Die Wiedergeburt von 5006 gestaltet sich äußerst aufwendig. Das Ziel ist, so viel Originalsubstanz wie möglich zu erhalten. Deshalb wird die gesamte Karosserie sorgfältig aufgearbeitet. An den Stellen, an denen der Rost besonders unerbittlich gefressen hat, müssen Bleche von Hand nachgefertigt werden – originalgetreu nach dem historischen Vorbild. „Gerade bei diesen sehr frühen Modellen“, erklärt Thomas König, „sind beinahe sämtliche Blechteile noch in Handarbeit geformt worden.“ 

Der älteste bekannte noch existierende Porsche aus Stuttgart findet jetzt seinen festen Platz im Hamburger Museum. „Für uns ist 5006 die Krönung unserer bisherigen Arbeit“, sagt König. Gleichzeitig bildet der Wagen einen wichtigen Meilenstein für die frühe Sportwagenproduktion unter dem Namen Porsche. Eine filmreife Geschichte mit Happy End.

„Das hätte ich in meinen kühnsten Träumen nicht erwartet. Es war pure Magie.“

Thomas König
2008 eröffneten Thomas König (links) und Oliver Schmidt das Automuseum Prototyp – ein Publikumsmagnet in der Hamburger Hafencity. In einem historischen Fabrikgebäude wollen die Gründer ihre Faszination für Ästhetik, Form und Geschichte historischer Automobile weitergeben.
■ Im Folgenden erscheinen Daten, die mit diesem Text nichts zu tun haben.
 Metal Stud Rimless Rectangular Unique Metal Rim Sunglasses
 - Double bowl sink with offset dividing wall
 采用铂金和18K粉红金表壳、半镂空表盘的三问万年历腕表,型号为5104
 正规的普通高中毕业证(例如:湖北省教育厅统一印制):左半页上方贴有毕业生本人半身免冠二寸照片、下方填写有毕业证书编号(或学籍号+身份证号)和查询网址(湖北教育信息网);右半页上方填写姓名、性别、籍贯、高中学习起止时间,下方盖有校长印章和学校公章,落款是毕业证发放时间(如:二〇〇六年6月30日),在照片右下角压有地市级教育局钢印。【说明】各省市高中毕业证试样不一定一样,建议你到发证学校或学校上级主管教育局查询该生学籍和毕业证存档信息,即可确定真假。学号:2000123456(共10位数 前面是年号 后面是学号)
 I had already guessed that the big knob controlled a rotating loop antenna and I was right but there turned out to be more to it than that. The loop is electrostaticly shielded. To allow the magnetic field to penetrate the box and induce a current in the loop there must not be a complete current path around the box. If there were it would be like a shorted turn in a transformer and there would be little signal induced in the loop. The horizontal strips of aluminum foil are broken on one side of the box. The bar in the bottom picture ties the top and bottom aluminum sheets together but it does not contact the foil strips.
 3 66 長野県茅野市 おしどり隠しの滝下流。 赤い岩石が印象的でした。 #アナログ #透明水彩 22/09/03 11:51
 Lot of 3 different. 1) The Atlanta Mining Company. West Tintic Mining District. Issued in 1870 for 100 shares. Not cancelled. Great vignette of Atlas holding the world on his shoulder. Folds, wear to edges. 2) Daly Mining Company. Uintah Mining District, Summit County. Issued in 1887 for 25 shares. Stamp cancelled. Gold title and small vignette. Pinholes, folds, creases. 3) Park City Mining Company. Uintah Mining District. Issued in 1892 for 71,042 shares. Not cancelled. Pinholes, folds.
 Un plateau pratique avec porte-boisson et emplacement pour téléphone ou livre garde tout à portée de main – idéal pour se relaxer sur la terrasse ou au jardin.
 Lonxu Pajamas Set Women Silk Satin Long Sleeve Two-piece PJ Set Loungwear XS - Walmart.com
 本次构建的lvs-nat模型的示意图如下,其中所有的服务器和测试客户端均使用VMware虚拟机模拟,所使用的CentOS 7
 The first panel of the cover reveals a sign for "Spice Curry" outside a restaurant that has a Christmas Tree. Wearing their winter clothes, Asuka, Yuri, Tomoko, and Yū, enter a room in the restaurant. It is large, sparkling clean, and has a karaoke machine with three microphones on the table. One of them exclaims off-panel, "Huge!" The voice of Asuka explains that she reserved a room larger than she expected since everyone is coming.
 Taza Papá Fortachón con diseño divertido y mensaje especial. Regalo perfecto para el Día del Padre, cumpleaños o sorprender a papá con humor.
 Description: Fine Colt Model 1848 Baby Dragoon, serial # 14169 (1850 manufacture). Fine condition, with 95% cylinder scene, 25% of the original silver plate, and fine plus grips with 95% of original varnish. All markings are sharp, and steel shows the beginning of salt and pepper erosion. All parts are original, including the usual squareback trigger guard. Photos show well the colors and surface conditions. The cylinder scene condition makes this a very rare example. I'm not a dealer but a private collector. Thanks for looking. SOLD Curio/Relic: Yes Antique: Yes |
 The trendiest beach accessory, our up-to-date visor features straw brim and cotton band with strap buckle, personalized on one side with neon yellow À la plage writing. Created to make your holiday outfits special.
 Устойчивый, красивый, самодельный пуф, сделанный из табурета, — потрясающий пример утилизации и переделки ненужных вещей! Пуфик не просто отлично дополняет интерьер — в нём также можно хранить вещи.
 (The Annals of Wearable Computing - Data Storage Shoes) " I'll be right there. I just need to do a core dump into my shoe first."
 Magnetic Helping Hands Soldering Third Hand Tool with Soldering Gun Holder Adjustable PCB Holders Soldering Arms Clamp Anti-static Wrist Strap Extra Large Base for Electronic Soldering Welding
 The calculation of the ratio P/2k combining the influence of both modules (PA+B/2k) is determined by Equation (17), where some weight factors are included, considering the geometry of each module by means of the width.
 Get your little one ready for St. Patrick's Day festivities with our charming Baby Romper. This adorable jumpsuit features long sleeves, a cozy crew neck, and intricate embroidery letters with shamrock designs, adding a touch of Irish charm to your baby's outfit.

Die ausgestellten Fahrzeuge, fast alle mit Bezug zu Porsche, sind aufgrund ihrer individuellen Geschichte alle auf ihre Art einzigartig, manche sogar echte Prototypen.

Messestar 5006 

Einer breiteren Öffentlichkeit wurde der neue Porsche 356 aus Stuttgart erstmals auf der Motor-Schau in Reutlingen im Mai 1950 vorgestellt. Die Firma Reutter präsentierte den Wagen auf dem Stand des Autohauses Max Moritz. Daneben wies die Firma Lechler auf ihre Durapon-Sonderlackierung hin, die das Coupé in einem metallisch glänzenden Rot erstrahlen ließ, das auf einem Foto des Messestandes zu erkennen ist. Es ist das älteste bekannte Farbfoto, das einen Porsche 356 zeigt – genau jenen Wagen, der 63 Jahre später unter einer Plane in der Nähe von Bremen wiederentdeckt und dessen Geschichte hier beschrieben wird.

Daten & Fakten

1.086 Kubikzentimeter Hubraum hatten die ersten Vierzylinder-Boxermotoren des Porsche 356.
40 PS sorgten für sportliche Fahrleistungen – begünstigt durch ein relativ geringes Gewicht.
770 Kilogramm Gesamtgewicht waren bereits damals das Ergebnis konsequenten Leichtbaus.